Derajat keimanan dan petunjuk hidayah bukanlah sesuatu yang bisa diturunkan atau diberikan secara langsung oleh manusia lain, bahkan sekalipun oleh seorang nabi sebesar Rasulullah SAW. Kisah yang mencerminkan hal ini adalah ketika Rasulullah SAW tidak mampu memberikan petunjuk keimanan kepada paman yang sangat dicintainya, Abu Talib.
Rasulullah SAW memang memiliki kasih sayang yang sangat besar kepada Abu Talib, paman yang telah menjadi penanggung jawab dan pelindung sejak Rasulullah masih kecil. Sayangnya, hingga akhir hayatnya, Abu Talib belum juga menerima Islam sebagai ajaran hidupnya.
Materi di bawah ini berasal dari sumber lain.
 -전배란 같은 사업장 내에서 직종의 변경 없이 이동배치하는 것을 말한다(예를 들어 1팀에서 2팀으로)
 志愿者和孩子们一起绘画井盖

Meski Rasulullah SAW meluangkan banyak waktu untuk memberikan pengetahuan dan pemahaman tentang Islam, Abu Talib tetap tidak pernah menerima ajaran tersebut. Hal ini kemudian menyisakan duka yang mendalam bagi Rasulullah SAW. Momen tersebut memperlihatkan kepada kita bahwa penerimaan hidayah bukanlah sesuatu yang sepenuhnya berada di tangan manusia.
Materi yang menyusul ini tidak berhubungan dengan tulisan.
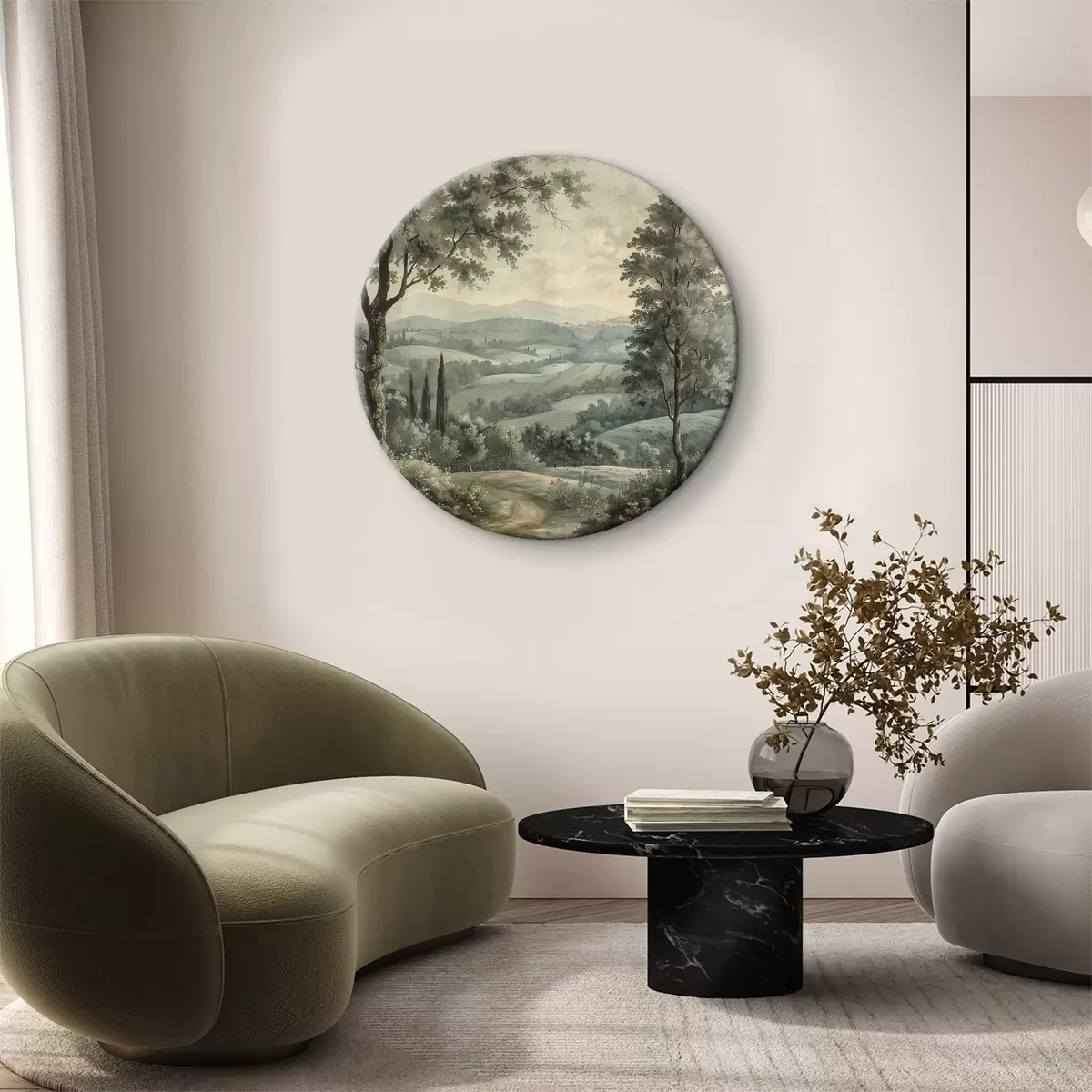 Kép Vintage olasz táj, rusztikus stílus, pasztell színek, dombok fákkal, boho Nr r40086

Menurut ajaran Islam, hidayah atau petunjuk hanya bisa datang dari Allah SWT. Manusia hanya dapat berusaha untuk menyampaikan ajaran tersebut, tetapi pada akhirnya penyerahan dan penerimaan hidayah sepenuhnya menjadi kehendak Allah. Bukan berarti kita tidak harus berusaha, namun kita harus paham bahwa proses pemberian hidayah ini juga mengharuskan kerendahan hati dan pengenalan diri bahwa segala sesuatu ada di tangan-Nya.
Dari kisah ini, kita belajar bahwa meski seorang nabi sehebat Rasulullah SAW tidak dapat memberikan hidayah keimanan kepada orang yang dicintainya, kita harus tetap berusaha dan berdoa. Namun, kita juga harus selalu ingat bahwa pemberian hidayah adalah hak prerogatif Allah.
Para nabi dan rasul adalah pembawa berita dan penyeru kepada jalan Allah, namun bukan mereka yang menentukan siapa yang akan menerima petunjuk-Nya. Kita dapat belajar dari kisah Rasulullah SAW dan Abu Talib ini untuk terus mengingatkan dan memberi tahu orang lain tentang kebenaran agama Islam, namun kita harus selalu mengingat bahwa penyerahan dan penerimaan hidayah adalah dari Allah semata.
Konsep ini dalam Islam kita kenal sebagai “balighul mubaligh, waka’bul jawab ‘ala Allah.” Artinya, tugas seorang mubaligh adalah menyampaikan, sedangkan penerimaan itu tergantung kepada Allah. Jadi, kita harus selalu berusaha namun senantiasa pasrah atas segala hasilnya.